Pidato dari Ruang Oval adalah salah satu platform terpenting yang dapat dipimpin oleh seorang presiden, sebuah kesempatan untuk mencoba menarik perhatian negara di saat krisis. ABC, NBC dan CBS mengatakan mereka akan membuat program reguler untuk menayangkan judul tersebut secara langsung.
Biden hanya menyampaikan satu pidato serupa selama masa kepresidenannya, setelah Kongres meloloskan undang-undang anggaran bipartisan untuk mencegah gagal bayar (default) utang negara.
Gedung Putih dan pejabat senior pemerintahan lainnya, termasuk Direktur Kantor Manajemen dan Anggaran Shalanda Young, diam-diam telah memberi pengarahan kepada anggota parlemen penting dalam beberapa hari terakhir mengenai rencana permintaan dana tambahan.
Gedung Putih berencana untuk secara resmi mengumumkan permintaan tambahan Biden pada hari Jumat, menurut para pejabat yang mengetahui rencana tersebut, meskipun waktunya dapat berubah.
Senat berencana untuk mengambil tindakan cepat atas permintaan Biden, dengan harapan dapat menciptakan tekanan pada Dewan Perwakilan Rakyat yang dikuasai Partai Republik untuk menyelesaikan masalah kepemimpinannya dan kembali menerapkan undang-undang.
Keamanan perbatasan kemungkinan akan menjadi isu kontroversial dalam pembicaraan tersebut.
Meskipun jumlah migran yang tiba di Amerika Serikat menurun setelah pembatasan suaka baru dimulai pada bulan Mei, penyeberangan ilegal melebihi rata-rata harian lebih dari 8.000 orang pada bulan lalu.
“Ada kebutuhan besar untuk membayar remediasi,” kata Senator Chris Murphy, D-Conn., yang memimpin komite Senat yang mengawasi pendanaan DHS. “Jadi itu biaya staf, fasilitas penerangan, dan biaya transportasi.”
Keputusan Biden untuk memasukkan pendanaan untuk Taiwan dalam proposalnya merupakan sinyal kemungkinan terjadinya konflik internasional lainnya.
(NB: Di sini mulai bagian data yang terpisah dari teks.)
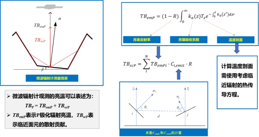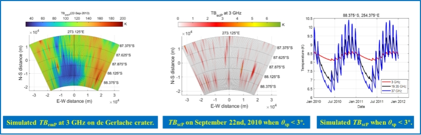 月球极区永久阴影区由于潜藏丰富的水冰资源,一直以来都是研究的热点。为了探明月球水冰的分布,首先需要获取永久阴影区的热特性。永久阴影区表面的热辐射可通过红外等手段获取,但更深层月壤的热辐射特征则需要采用微波探测的手段。由于永久阴影区位于极区撞击坑内,地形起伏变化大,分析月表热辐射特性需要考虑地形的影响。目前的微波热辐射模型主要是针对地形坡度、粗糙度等进行了分析,未考虑临近面元的散射,因而需要进一步发展微波热辐射模型。论文针对极区微波辐射模型开展研究,取得的主要成果为:1)发展了适用于月球极区微波辐射探测的亮温模型,提出利用Ray-tracing方法引入临近表面的相干表面散射,以改进传统微波辐射亮温模型。2)评估了相干表面散射在总亮温中的贡献,当微波亮度温度数据的分辨率相对较高时,例如分辨率为每度4像素时,相干散射对观测到的辐射亮温的影响更为明显。在模拟中,这些增量相对较大的点大多位于陨石坑的倾斜表面,而不是陨石坑的平坦底部。3)分析了嫦娥二号微波辐射计观测中相干面散射的影响。由于嫦娥二号MRM的微波亮温分辨率较低,相干表面散射的贡献小于1 K,可以忽略。因此,从PSR平坦底部区域观测到的微波亮温数据可以作为校准其他高纬度微波亮温的参考。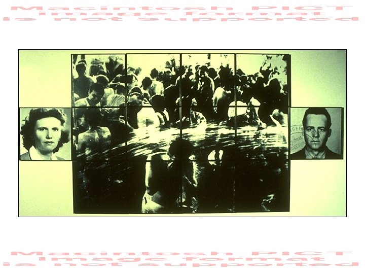 “Arrival” screenprint, photographs, 1991. • The central image is based on one of the artist’s father’s photographs of • • • what appears to be a de-lousing at the Bonegilla migrant reception centre during the period 1947 -49. On either side are passport photographs of his parents. The insensitivities of those dealing with newcomers in their treatment is a recurring theme in Milan Milojevic’s Arrival series. (Collection of the artist)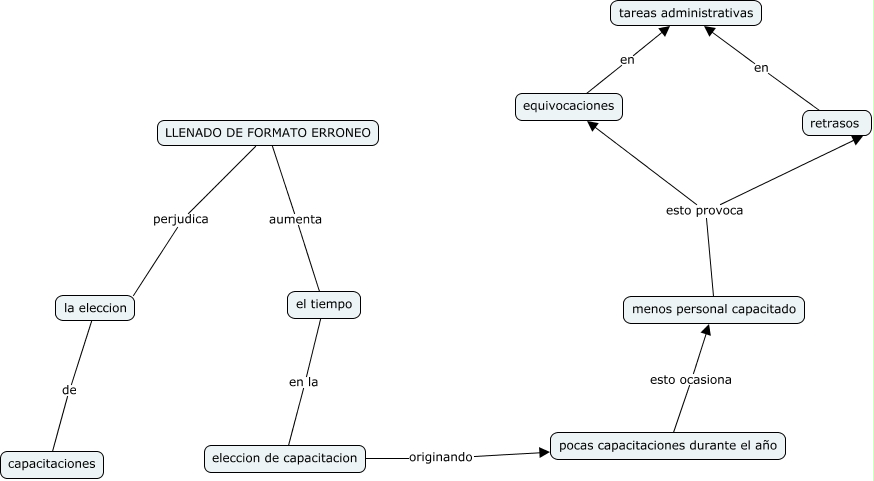 Este Cmap, tiene información relacionada con: Lllenado de formato erroneo, LLENADO DE FORMATO ERRONEO perjudica la eleccion, LLENADO DE FORMATO ERRONEO aumenta el tiempo, equivocaciones en tareas administrativas, retrasos en tareas administrativas, el tiempo en la eleccion de capacitacion, la eleccion de capacitaciones, menos personal capacitado esto provoca equivocaciones, menos personal capacitado esto provoca retrasos, eleccion de capacitacion originando pocas capacitaciones durante el año, pocas capacitaciones durante el año esto ocasiona menos personal capacitado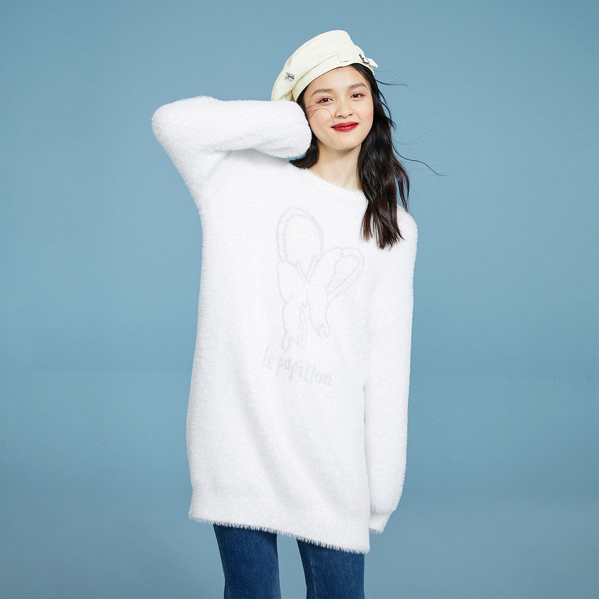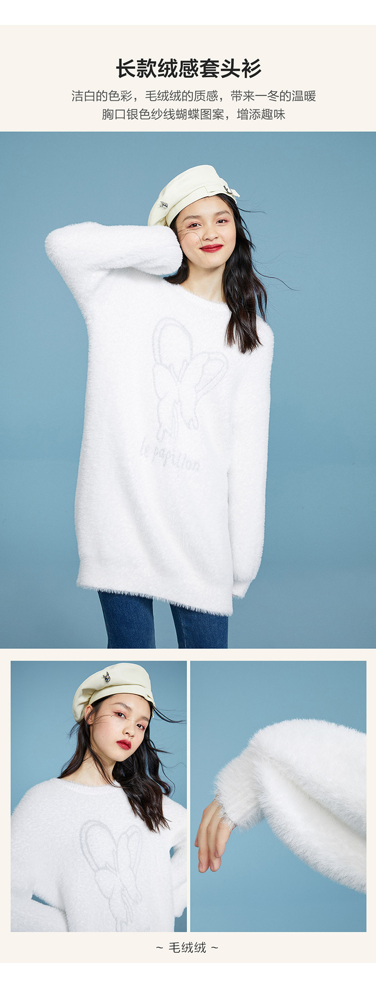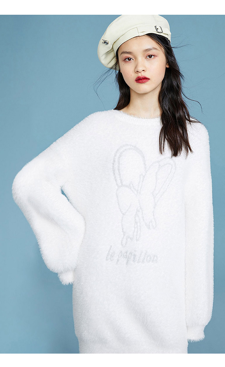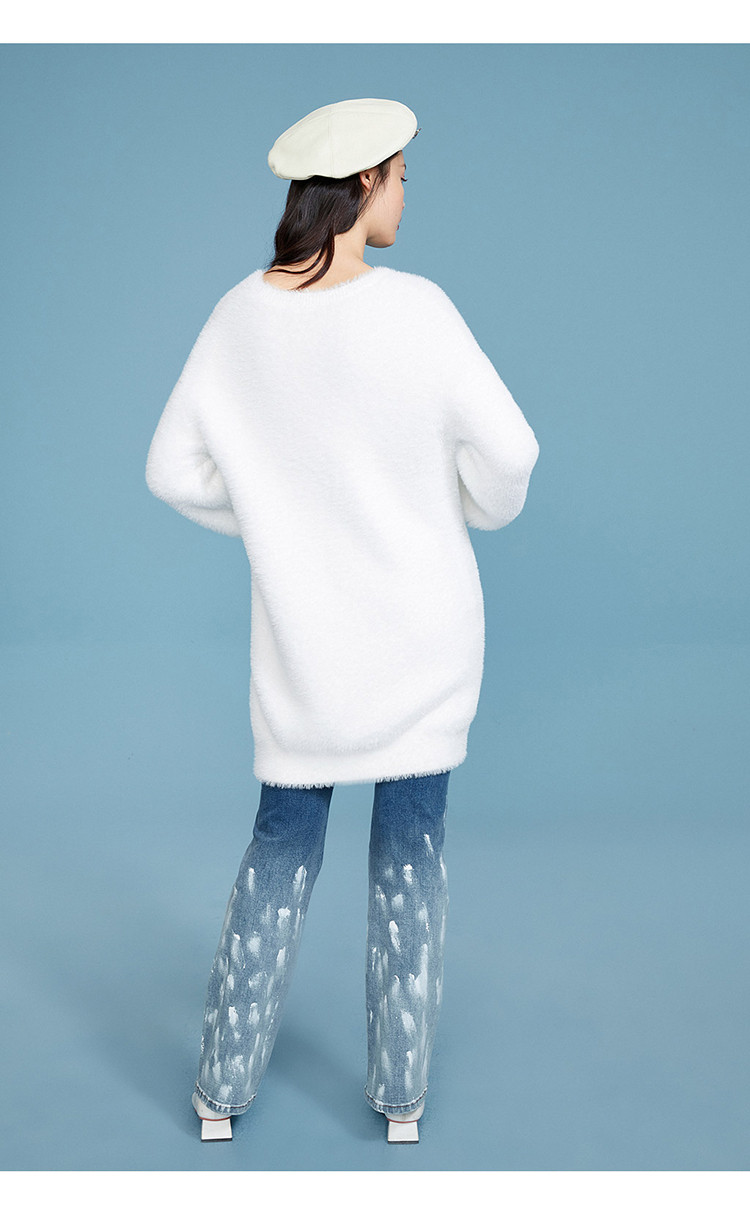 Белый длинный комплект, трикотажный зимний бархатный свитер с круглым воротником, набивка пером, 2020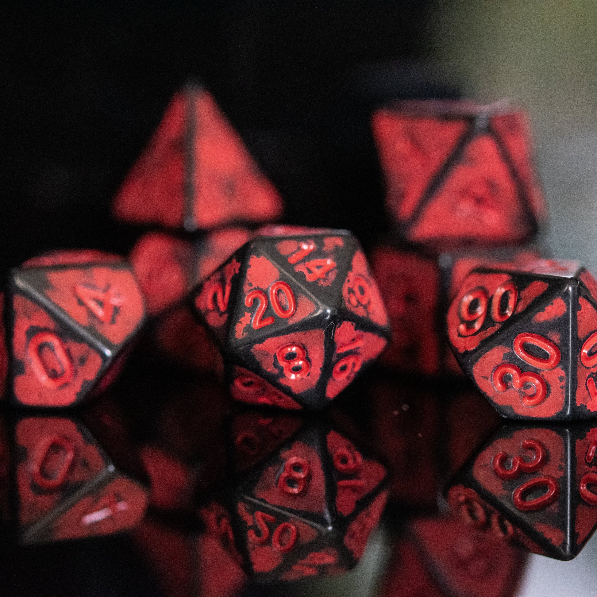 Our acrylic dice are carefully poured into individual molds and cured inside a vacuum chamber to insure no air bubbles are trapped inside the dice. After curing, each individual die is removed from the mold and numbers are painted by hand. These dice are perfect for any RPG and will sure to impress at your upcoming session!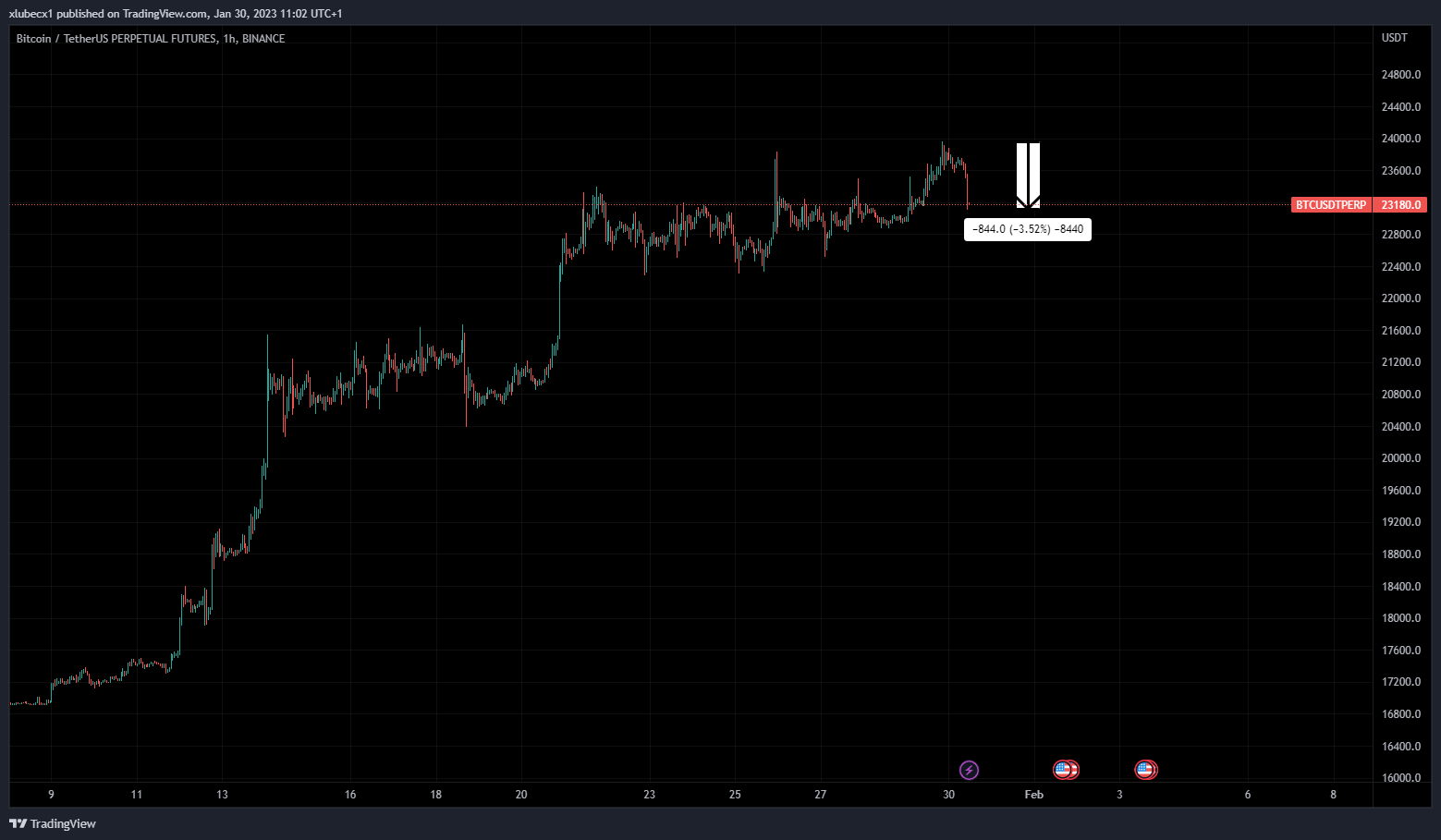 Súčasný rast je dlhodobo neudržateľný a je vysoko pravdepodobné, že čoskoro príde veľký pokles. Inflácia síce postupne po celom svete ustupuje, ale úrokové sadzby FED-u, ECB a ďalších veľkých centrálnych bank sa naďalej zvyšujú. Preto, ako sme upozorňovali už v minulom článku: Bitcoin nám ešte poskytne šancu nakupovať pod 20 000 dolárov – Cesta k miliónu #10, je vysoko pravdepodobné, že bitcoin sa minimálne pod 20 000 dolárov môže dostať. Podobná situácia je u akcií a indexu S&P500.

Tiongkok ingin menyatukan kembali pulau otonom tersebut dengan daratan, sebuah tujuan yang dapat dicapai dengan kekerasan.
Meski peperangan di Eropa dan Timur Tengah menjadi kekhawatiran paling mendesak bagi kebijakan luar negeri AS, Biden memandang Asia sebagai arena utama dalam perebutan pengaruh global.
Strategi Keamanan Nasional pemerintahan AS, yang dikeluarkan tahun lalu, menggambarkan Tiongkok sebagai “tantangan geopolitik paling penting yang dihadapi Amerika.”
Penulis Associated Press Matthew Lee dan Mary Clare Jalonick serta penulis media AP David Bauder berkontribusi pada laporan ini.
“Ninja budaya pop. Penggemar media sosial. Tipikal pemecah masalah. Praktisi kopi. Banyak yang jatuh hati. Penggemar perjalanan.”